### What you will do
Will you extract the entries word for word? Images should not appear in the copy.

********************

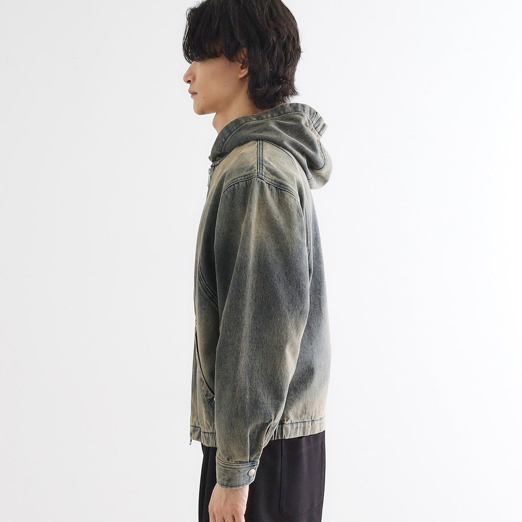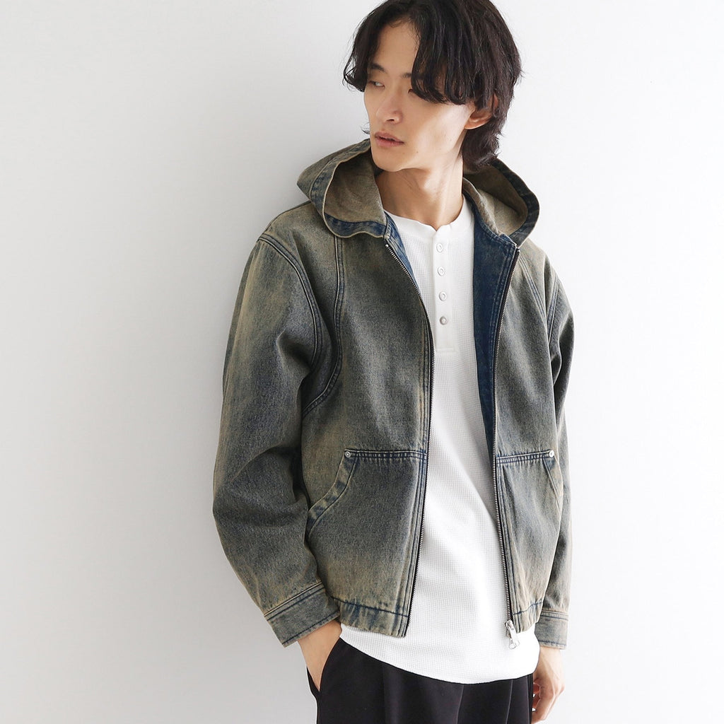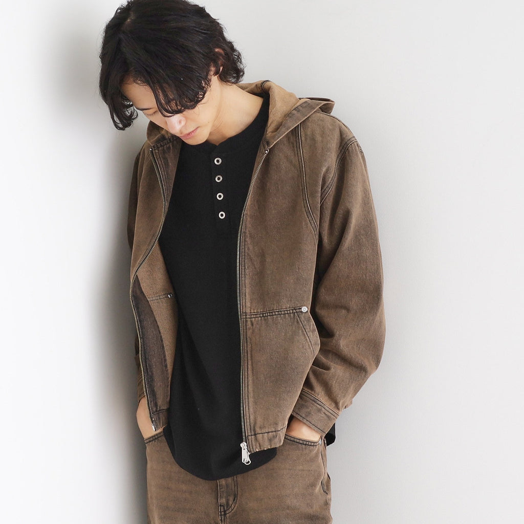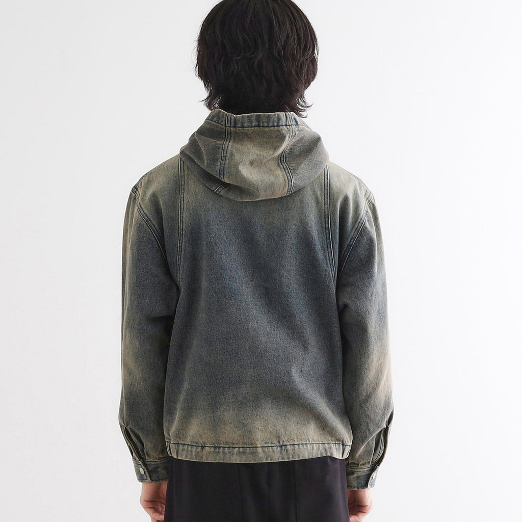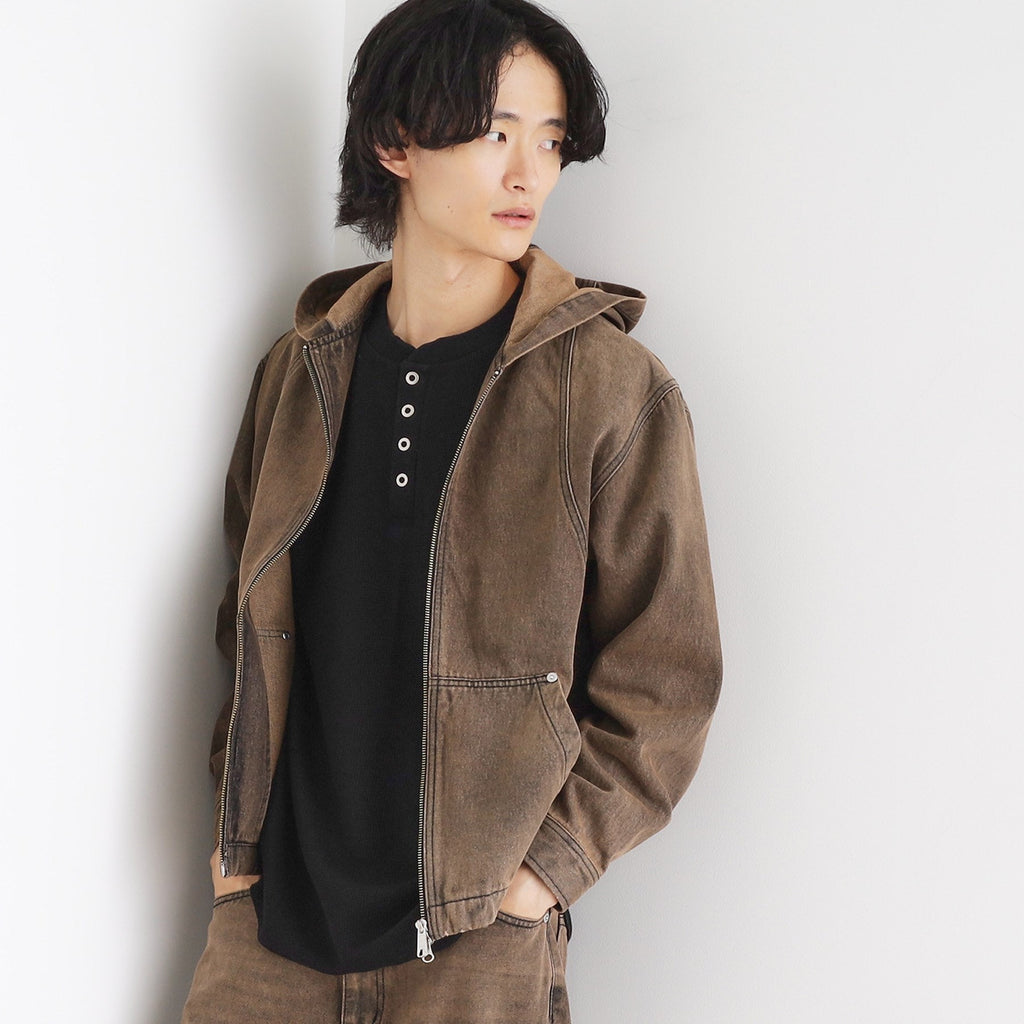 A zip hood shirt outerwear with a vintage-like processed finish.
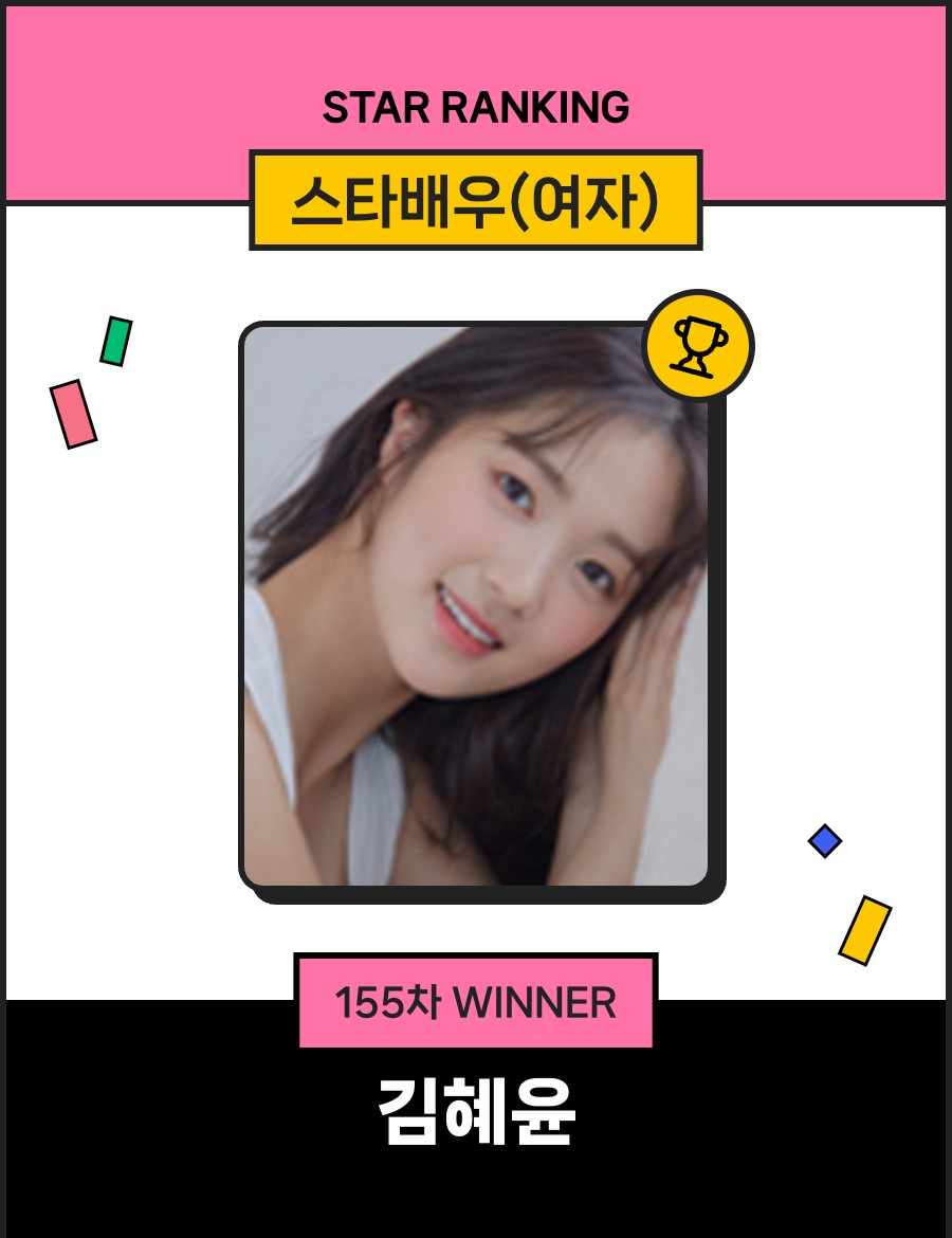 배우 김혜윤이 스타랭킹 여자 배우 부문에서 1위를 수성했다.김혜윤은 3월 5일 오후 3시 1분부터 3월 12일 오후 3시까지 진행된 155차 스타랭킹 스타배우 여자 랭킹 투표에서 2만 338표를 획득하며 1위에 이름을 올렸다.
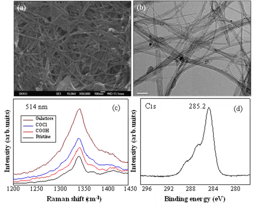 The FE-SEM and HR-TEM observations showed that the structure of the SWCNTs did not change after the reaction with d-(+)-galactose on SWCNTs functionalized with –COCl (Figure 1a and 1b). As shown in Figure 1c, the d-band related to sp3 was markedly increased due to sp3 bonding of d-(+)-galactose immobilized on the surface of the SWCNTs. After the reaction with d-(+)-galactose, the peak of sp3 bonding was increased markedly at 285.2 eV in the XPS C1S analysis (Figure 1d).
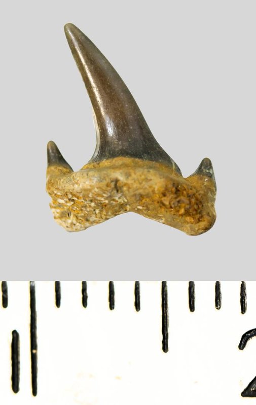 Мелкий боковой зуб с коронкой серого цвета, колюще-режущего типа, S-образно изогнутой, с гладким режущим краем. С лингвальной стороны у основания коронки на эмали имеется скульптура в виде слабой продольной струйчатости. Корень охристый, арочный, умеренно массивный, со следами окатанности. С лингвальной стороны корня одна питательная борозда. Имеется одна пара добавочных зубцов коронки.
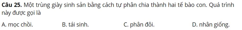 `-` Trùng giày sinh sản vô tính, cơ thể mẹ phân đôi tạo thành cơ thể con
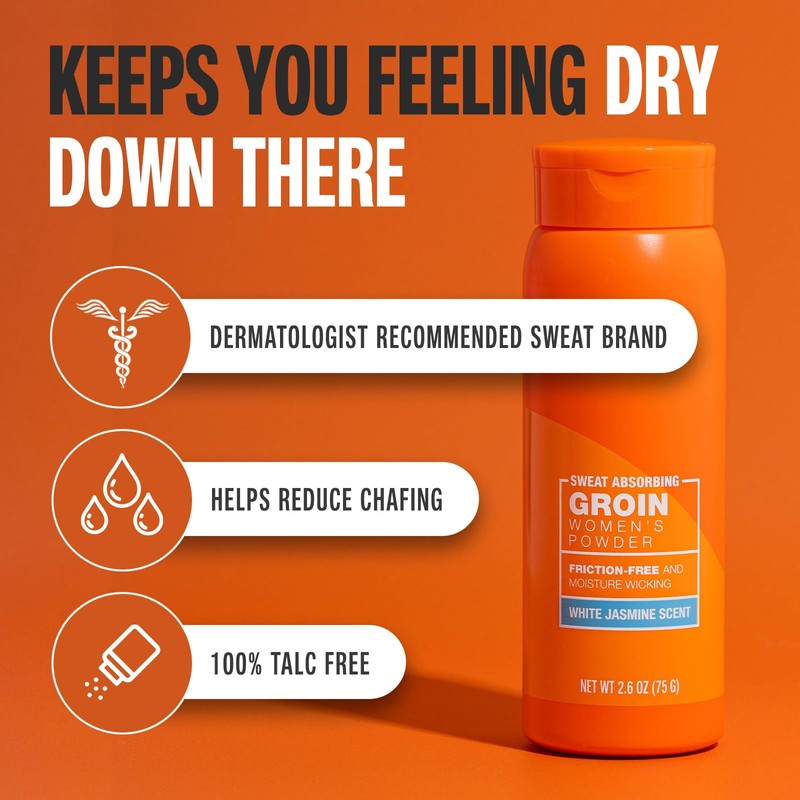 A light white jasmine scent ensures you smell as fresh as you feel. This is your SWEAT ABSORBING SUPER POWDER.
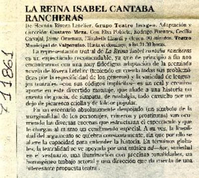 La Reina Isabel cantaba rancheras - Meza, Gustavo - Autores chilenos - Reina Isabel cantaba rancheras - Rivera Letelier, Hernán
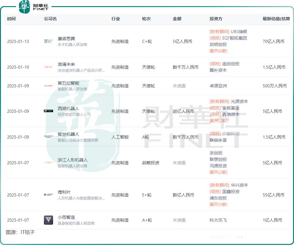 而自2025年以来,机器人产业的融资依然热情高涨。根据IT桔子数据统计,2025年年初以来已有15家机器人相关企业获得融资。
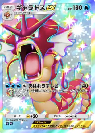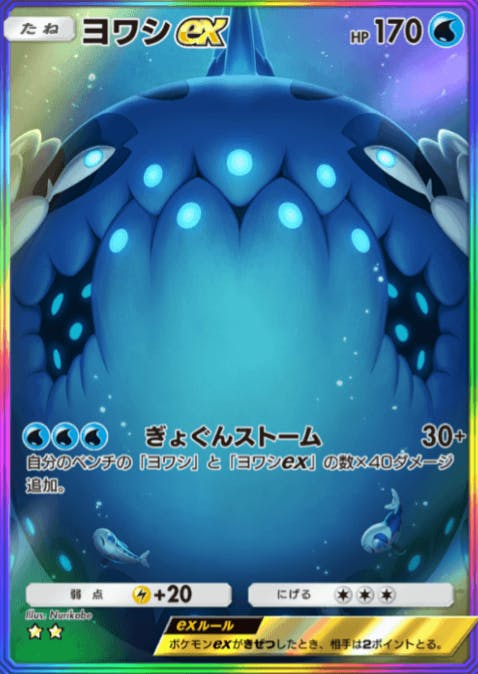 双天の守護者で初登場したカード。HP170と多く、カイやカスミなど使えるサポートも多いが、技の性能が微妙い。最大30+40×3=150とマントなしワンパンラインは超えるけど、ノーマルヨワシのHPが30だから、最強の遺伝子のサワムラーさんでもワンパンされちゃう。ナツメにも弱いし、 1匹倒されただけで火力が120と最近のexはほとんど耐えられてしまう。そこがダメ

********************

### Result of this task
 A zip hood shirt outerwear with a vintage-like processed finish.
 배우 김혜윤이 스타랭킹 여자 배우 부문에서 1위를 수성했다.김혜윤은 3월 5일 오후 3시 1분부터 3월 12일 오후 3시까지 진행된 155차 스타랭킹 스타배우 여자 랭킹 투표에서 2만 338표를 획득하며 1위에 이름을 올렸다.
 The FE-SEM and HR-TEM observations showed that the structure of the SWCNTs did not change after the reaction with d-(+)-galactose on SWCNTs functionalized with –COCl (Figure 1a and 1b). As shown in Figure 1c, the d-band related to sp3 was markedly increased due to sp3 bonding of d-(+)-galactose immobilized on the surface of the SWCNTs. After the reaction with d-(+)-galactose, the peak of sp3 bonding was increased markedly at 285.2 eV in the XPS C1S analysis (Figure 1d).
 Мелкий боковой зуб с коронкой серого цвета, колюще-режущего типа, S-образно изогнутой, с гладким режущим краем. С лингвальной стороны у основания коронки на эмали имеется скульптура в виде слабой продольной струйчатости. Корень охристый, арочный, умеренно массивный, со следами окатанности. С лингвальной стороны корня одна питательная борозда. Имеется одна пара добавочных зубцов коронки.
 `-` Trùng giày sinh sản vô tính, cơ thể mẹ phân đôi tạo thành cơ thể con
 A light white jasmine scent ensures you smell as fresh as you feel. This is your SWEAT ABSORBING SUPER POWDER.
 La Reina Isabel cantaba rancheras - Meza, Gustavo - Autores chilenos - Reina Isabel cantaba rancheras - Rivera Letelier, Hernán
 而自2025年以来,机器人产业的融资依然热情高涨。根据IT桔子数据统计,2025年年初以来已有15家机器人相关企业获得融资。
 双天の守護者で初登場したカード。HP170と多く、カイやカスミなど使えるサポートも多いが、技の性能が微妙い。最大30+40×3=150とマントなしワンパンラインは超えるけど、ノーマルヨワシのHPが30だから、最強の遺伝子のサワムラーさんでもワンパンされちゃう。ナツメにも弱いし、 1匹倒されただけで火力が120と最近のexはほとんど耐えられてしまう。そこがダメ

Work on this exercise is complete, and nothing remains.